2. Among insects belonging to the higher orders; such as, the hymenoptera ( order of insects, including the bees, ants, sawflies, etc.), diptera (insects with two pairs of wings, the second pair being modified into balancing organs), lepidoptera (order of insects including the butterflies and moths), the pupa is inactive and takes no food.
In the lower orders it is active and takes food, and differs little from the imago (sexually mature stage) except in the rudimentary state of the sexual organs, and of the wings in those that have wings when adult.
The term pupa is sometimes applied to other invertebrates in analogous stages of development.
3. A genus of air-breathing land snails having an elongated spiral shell. coarctate, or obtected, pupa, a pupa which is incased in the dried-up skin of the larva, as in many diptera.4. Masked pupa, a pupa whose limbs are bound down and partly concealed by a chitinous covering, as in lepidoptera.
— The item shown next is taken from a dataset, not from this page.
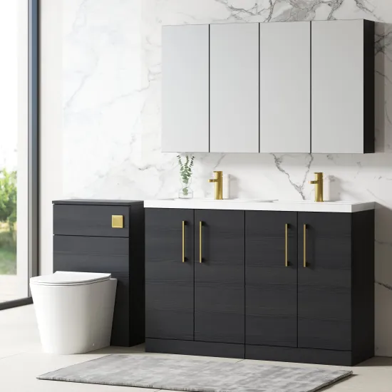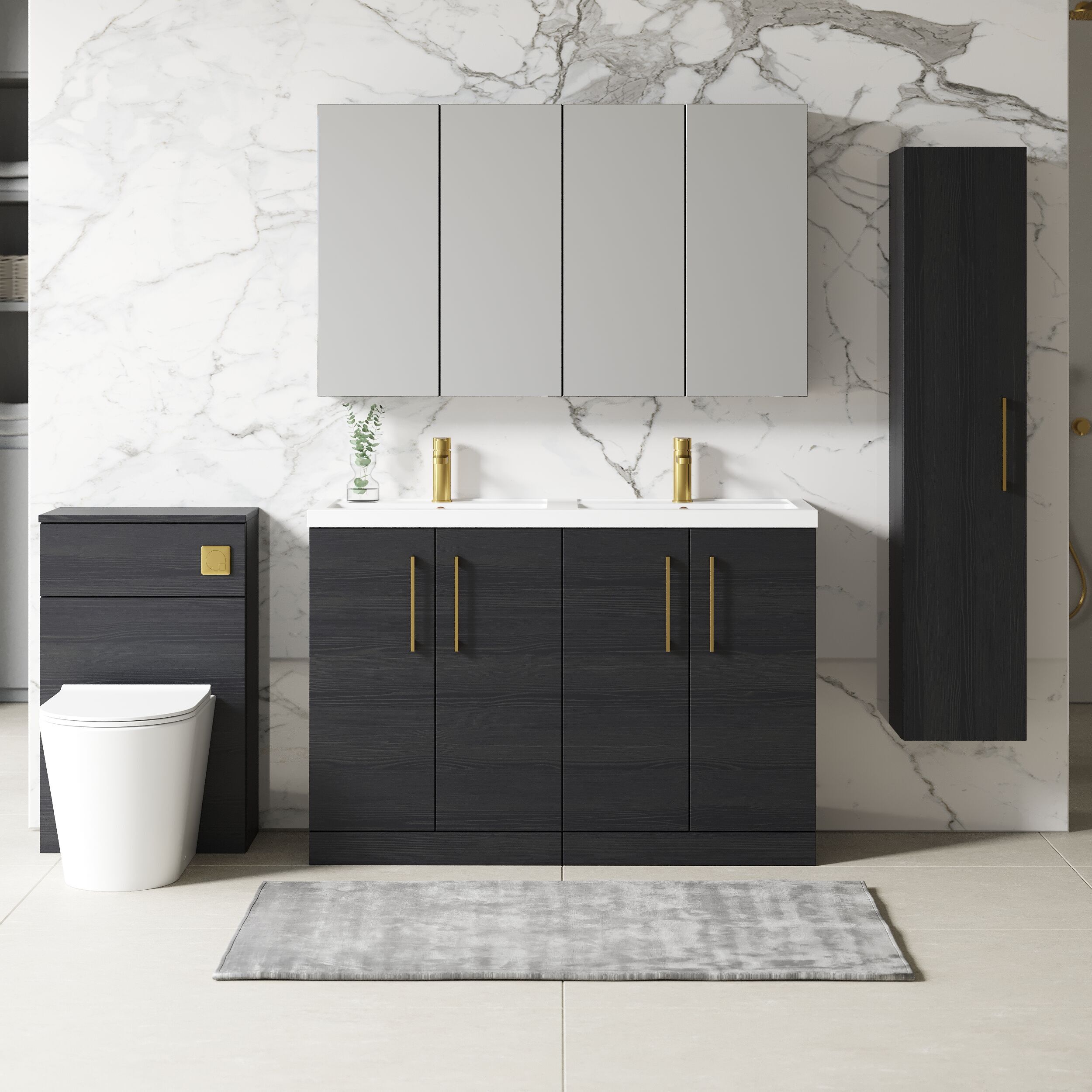 nuie Arno 1200mm Floor Standing 4 Door Vanity & Double Basin 1 - Black Woodgrain

Historical background and etymology of the word pupa
The great naturalist Linnaeus coined this technical term for "an insect in the third and usually quiescent state preceding that of the perfect insect."
Pupa comes from the Latin pupa, "little girl or doll". The coinage has been called "a stroke of poetic genius", one writer noting: "If you look at the underside of a moth's pupa [you will] see the shape of its face, eyes and embryonic wings like little arms, all wrapped as if in swaddling clothes which emphasize its likeness to a doll."